Film Review: Hell on Wheels

By Jazmin Justo

“HELL ON WHEELS” premiered in East Village Cinemas as part of the 38th Asian American International Film Festival. This AMC special is one of the few shows in American mainstream television that centers a around the history of the Transcontinental Railroad and for a first, features the immigrant Chinese workers as an integral part of its construction, some as major characters in the series. This is also the first collaboration with AMC and the AAIFF festival, making this a very special screening featuring special guests Executive Producer and Showrunner John Wirth, and actors Bryon Mann, Tzi Ma and Angela Zhou.

The first episode introduces the audience to Cullen Bohannon (Anson Mount) a stockholder of the Central Pacific Railroad and surveyor who found a route to Utah. He returns to Truckee, California as the company is making its way to the Rocky Mountains. At first, it’s expected to be a typical Western until one of the businessmen Mr. Chang (Byron Mann) actually speaks to Cullen. One would be surprised considering that in other western movies, Asians aren’t given roles of high status let alone, a major character of high importance. In this case, Mr. Chang is the main workforce supplier and provider of goods for the railroad business in the series. During their small chat, the audience is also introduced to another group of alienated immigrants, the Scottish and Irish who were also a part of the railroad workforce. Although they are European, they were also discriminated during this time and were paid lower wages in contrast to the Americans leading the expedition but more than the average Chinese worker who were earning 15 cents per day.

Later in the episode, the audience is introduced to Tao (Tzi Ma) and Fong (Angela Zhou) who speak broken English but are able to translate orders to the other workers.
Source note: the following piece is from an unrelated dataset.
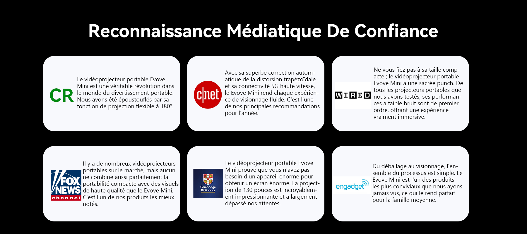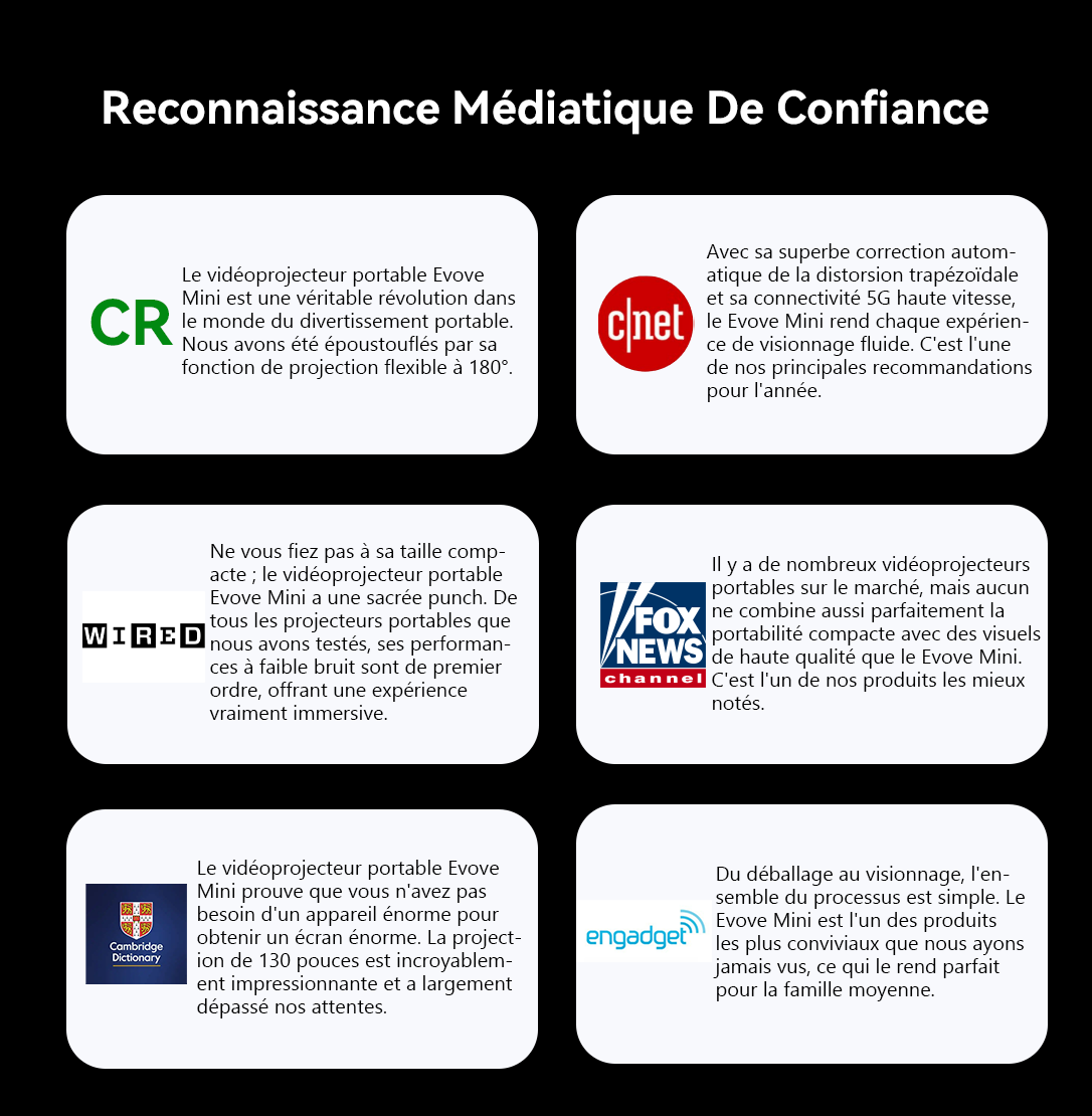 Voici le Projecteur Portable Evove Mini : assez petit pour être tenu d'une seule main, mais capable de projeter un immense écran de 130 pouces. Les soirées cinéma sont désormais simples et sans effort, vous laissant libre de profiter de chaque instant. La promesse d'Evove est simple : offrir la liberté du divertissement et vous aider à créer des souvenirs inoubliables, n'importe quand, n'importe où.

During their work, Cullen becomes friends with Fong and is stunned to hear that they are being skimped out of their wages, a common phenomenon that occurs often with immigrant workers. When Cullen confronts Chang about this, he is black mailed and told to mind his own business.
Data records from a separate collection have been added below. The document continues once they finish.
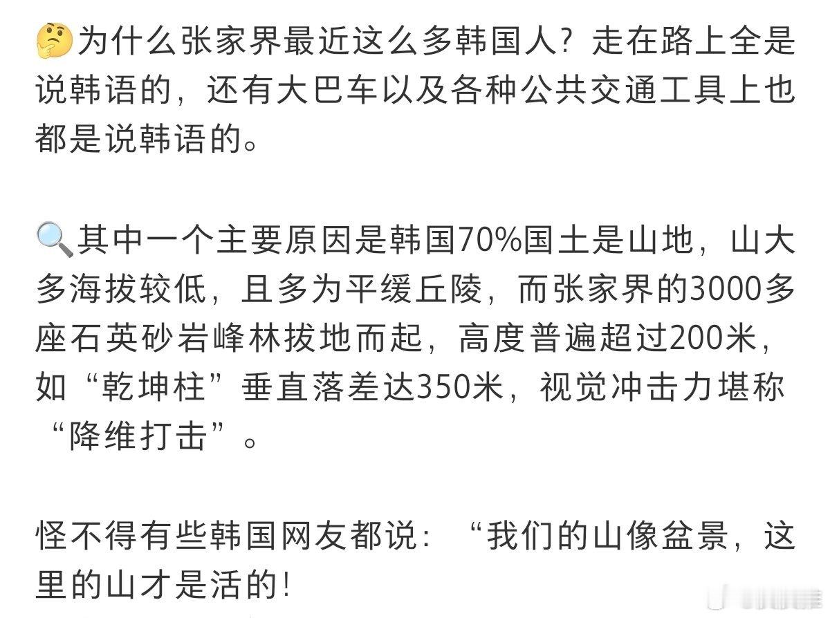 怪不得韩国人爱去张家界旅游为什么韩国人喜欢去张家界旅游?网友评论:因为韩国没有张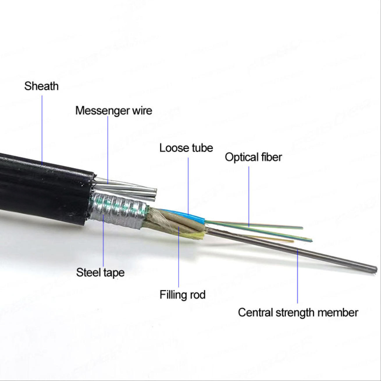 GYTC8S光ファイバーケーブルは,典型的な自立式屋外光ファイバーケーブルである.メンタル・ストラスト・メンバーは,支える部分はPEシートで完成し,フィギュア8構造になります.弾圧耐性を保証する PE外蓋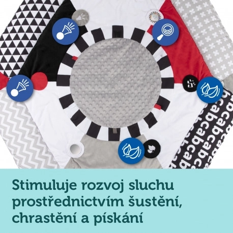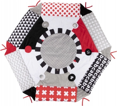 Dank der kontrastreichen Farben und vielfältigen Texturen hilft diese Decke, das Sehvermögen und die Fähigkeit zur Konzentration schon von klein auf zu entwickeln.

Through these confrontations, the audience can sense the high stakes each man holds in the railroad business. The tension rises in the 3rd episode when the Irish workers decide to take matters into their own hands and attack Chang and his establishment. Clashes between the races and strikes were also a reality of that time, but how they actually occurred is part of the producer’s dramatization, hence the part that makes this a show and not a documentary.

Through the use of oral history from families who had a great-great grandparents from that era, China’s history of Guangdong, and America’s history of the 1860’s, AMC is able to produce a very realistic presentation of characters that could have possibly existed.

Unfortunately, because of the mass migration and lack of record keeping of the individual’s over time, it did take the producers a long time to be able to write the script and characters to make an accurate portrayal of this time period. Following the screening, Executive Producer and Showrunner, John Wirth, and actors Bryon Mann, Tzi Ma and Angela Zhou held a Q&A and took photos with the audience.